The Crown submitted that it would be undesirable for there to be a different mens rea for attempt and the substantive offences; Parliament included suspicion, as well as knowledge, as the a mens rea for the substantive offence.

Held, allowing the appeal, an "intent to commit an offence" in s.1(1) of the 1981 Act connotes, as a matter of ordinary language and in accordance with principle, an intent to commit all the elements of the offence. A constituent element of converting criminal property is that the property is criminal property. The Crown, in effect, sought to make it a criminal offence to intend to convert property suspecting, if not knowing, that it is stolen.
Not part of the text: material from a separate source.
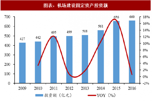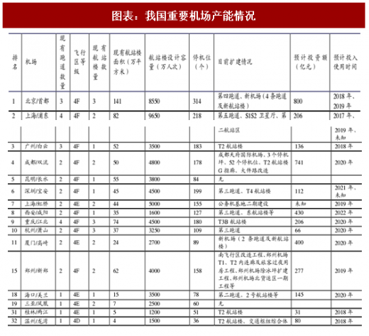 从固定资产投资上看,2009-2016 年机场建设固定资产投资额逐步走高,近 5 年年复合增长率为5.9%。经济危机造成投资额基数缩小,2010年政府扩张性经济政策推动机场建设投资额大幅上涨,机场建设固定资产投资额增速于2011年达到了第一个高峰;随后几年固定资产投资额增长放缓,又在2015年随着我国宏观经济的复苏出现了第二个增长高峰。下表中展示了我国主要机场的现阶段产能情况以及未来投资规划。上海浦东国际机场的新跑道将于明年前半年投入使用外,剩余机场的扩建资产多数将于2020年前后释放。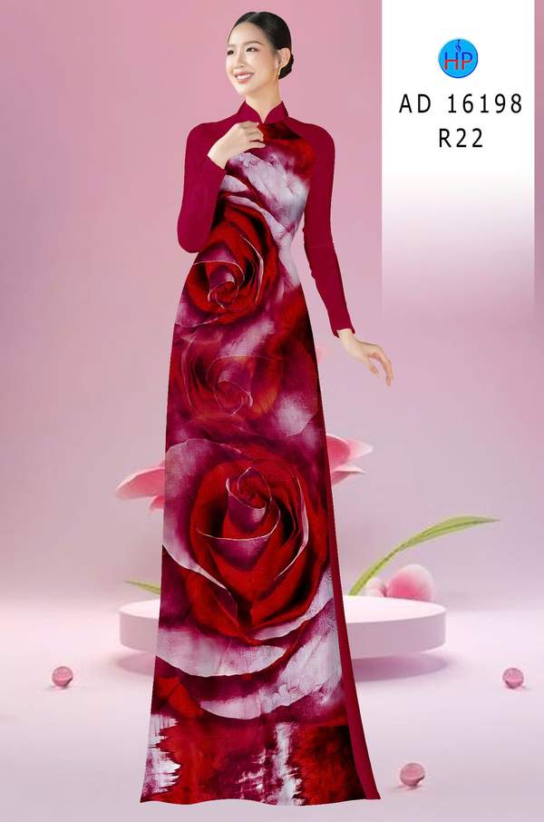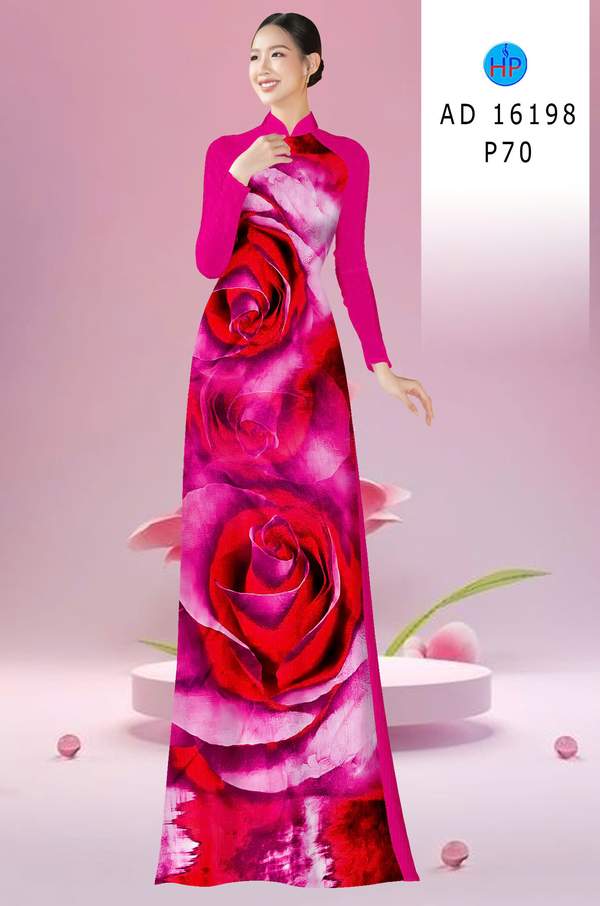Vải Áo Dài Hoa Hồng AD 16198

But that is not what s.327, read with s.340(3), of the 2002 Act provides.

Such a conclusion is, indeed, supported by s.1 of the 1977 Act as interpreted in Harmer [2005] 2 Cr App R 2 and Saik [2006] 2 Cr App R 26. Whilst a conspiracy is different from an attempt, it is relevant for three reasons: the provisions of s.1 of the 1977 Act were introduced by the 1981 Act itself, which invites a similar approach; offences of attempt and conspiracy are both inchoate offences; it is not difficult to envisage charges of attempt and conspiracy to be interchangeable.

Convictions quashed.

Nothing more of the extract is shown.